Thanks for the response. This covers how we can upgrade to 2008 DC but not how to restore a DC from backup. As stated I've tried two methods and both have failed. Commvault which was non-authoritative restore (not sure I mentioned that) and restoring from VM snapshot using vRanger. Which is the best method for restoring a DC and the steps involved?

Thanks
Ok, I've managed to get the restored DC working now. Had to delete secondary DC and the site that DC is a member of. So in DR scenario if AD become corrupt, after shutting down both DCs, it would be possible to restore a DC from the vRanger backup then promote a member server to bring back the second DC. Still haven't worked out how to restore using Commvault but the vRanger option is quicker and simpler.

 
Hi,

I think the only real supported way from microsoft is to restore from a systemstate backup. But it isn't that easy to be honest. Only had the issue once at our company thankfully we had a guy who had worked for microsoft with AD issues so he knew what to do.

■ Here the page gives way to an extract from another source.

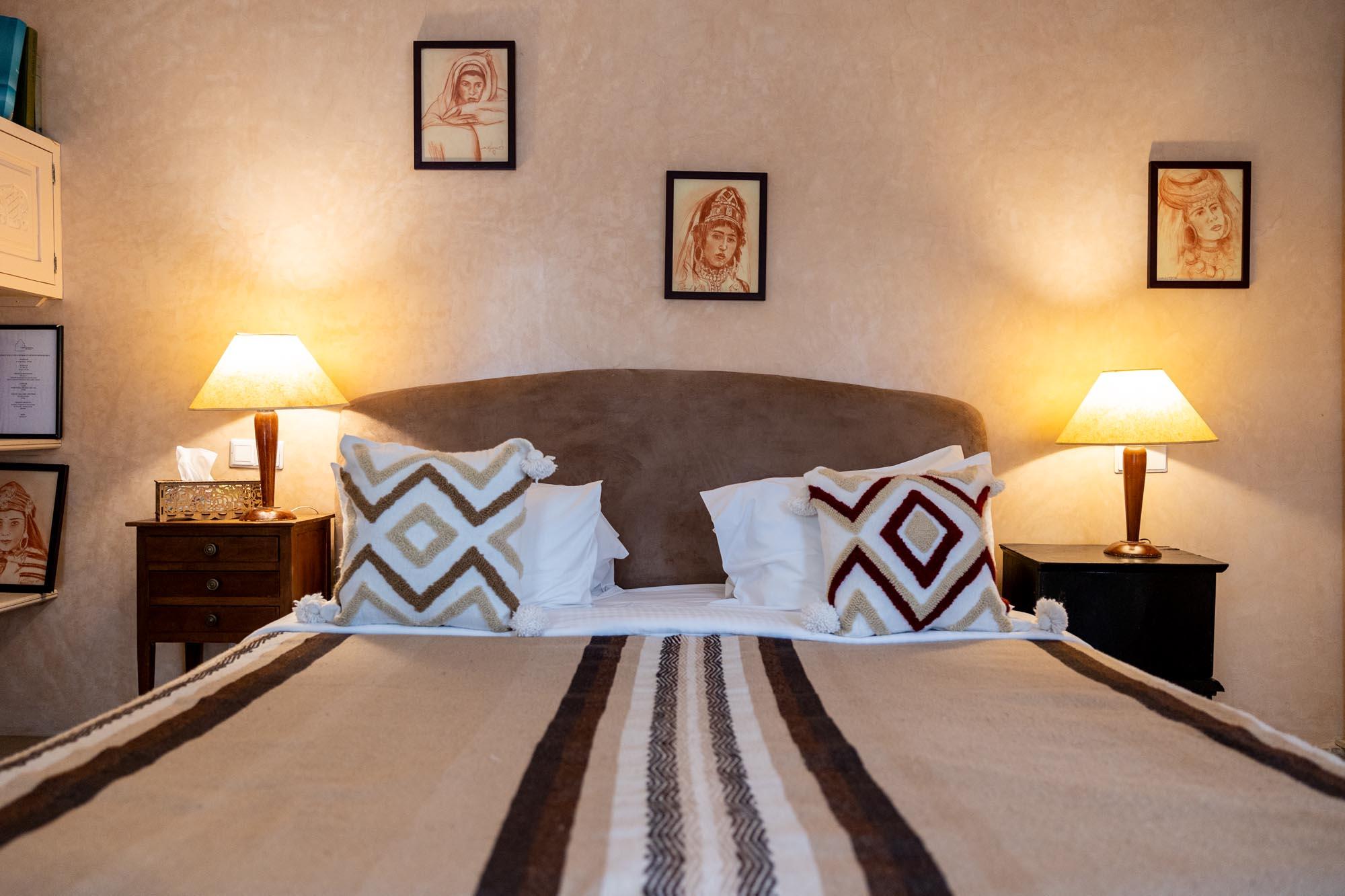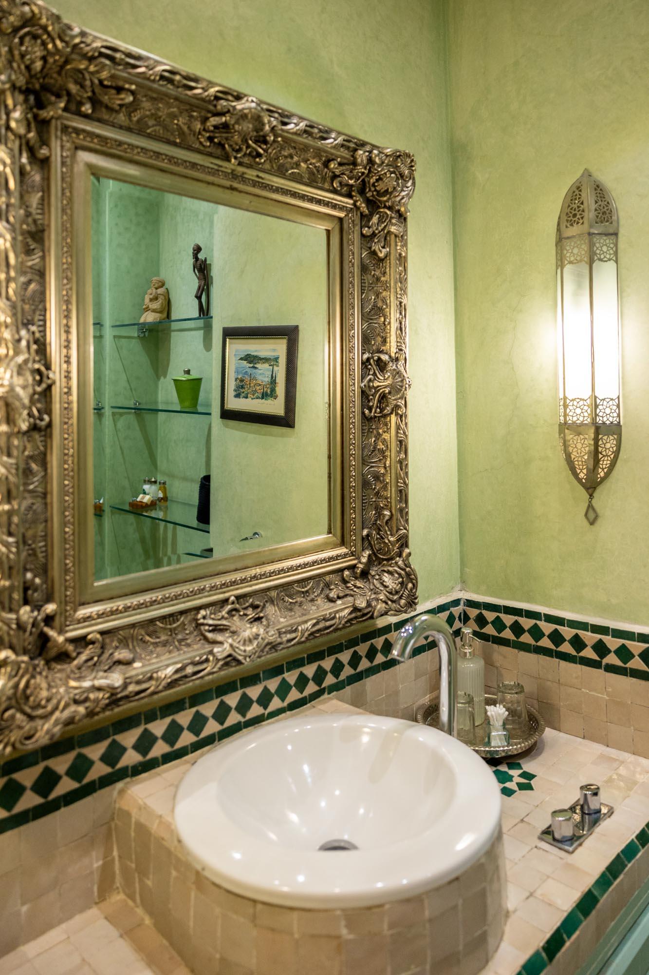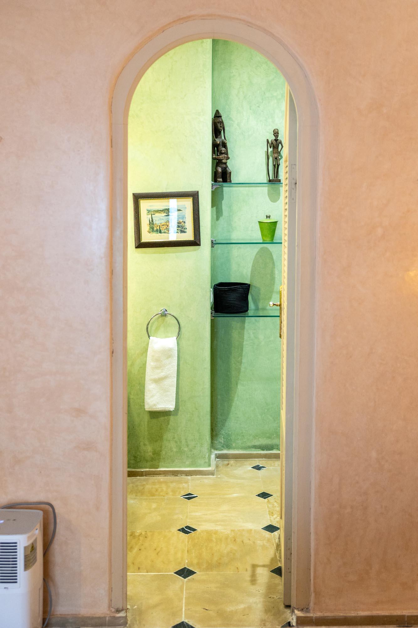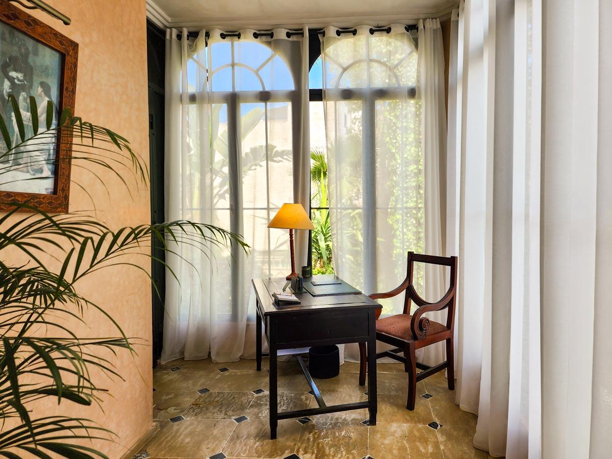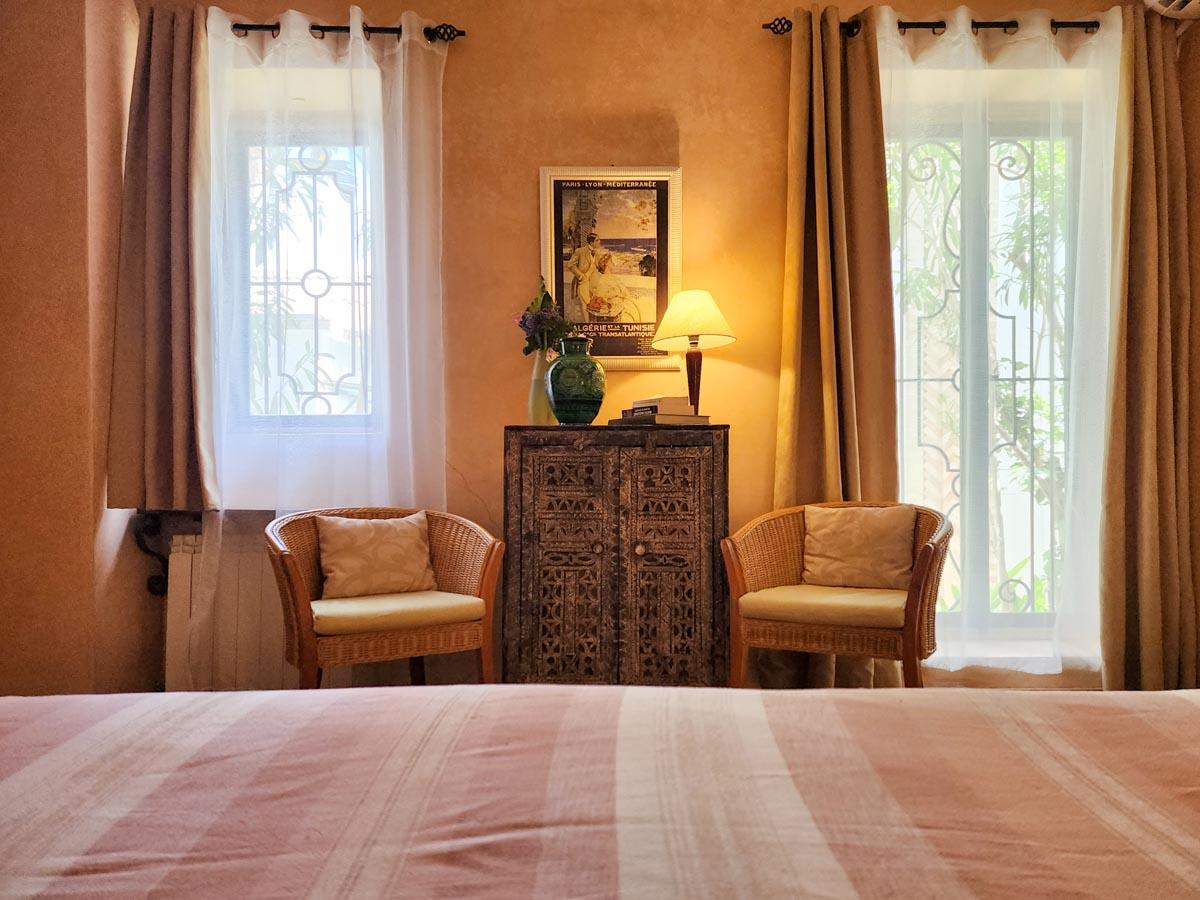 On the guesthouse ground floor, is the first bedroom, onto the garden and swimming pool. This spacious, 25m² room is decorated in a new Moroccan style, enhanced with natural tones, offering a spectacular view of the luxuriant garden. The bathroom is fitted with a bathtub and a shower. A reversible air conditioning, and a safe are available in this room.

I would not rely on snapshots since they arn't always 100%

This article covers backup / restore of: http://technet.microsoft.com/en-us/library/bb727048.aspx
Thanks for the link, I've read through it and are going to try system state restore again on Monday. In the meantime I've been reading more on snapshoting DCs and found a very interesting discussion.

http://communities.vmware.com/message/1546097
Have now successfully restored from Commvault after much trial and error. It's known issue that Microsoft is aware of, when the RID master is on the PDC in a two DC environment with replication enabled. Am getting the same problem restoring from vRanger too.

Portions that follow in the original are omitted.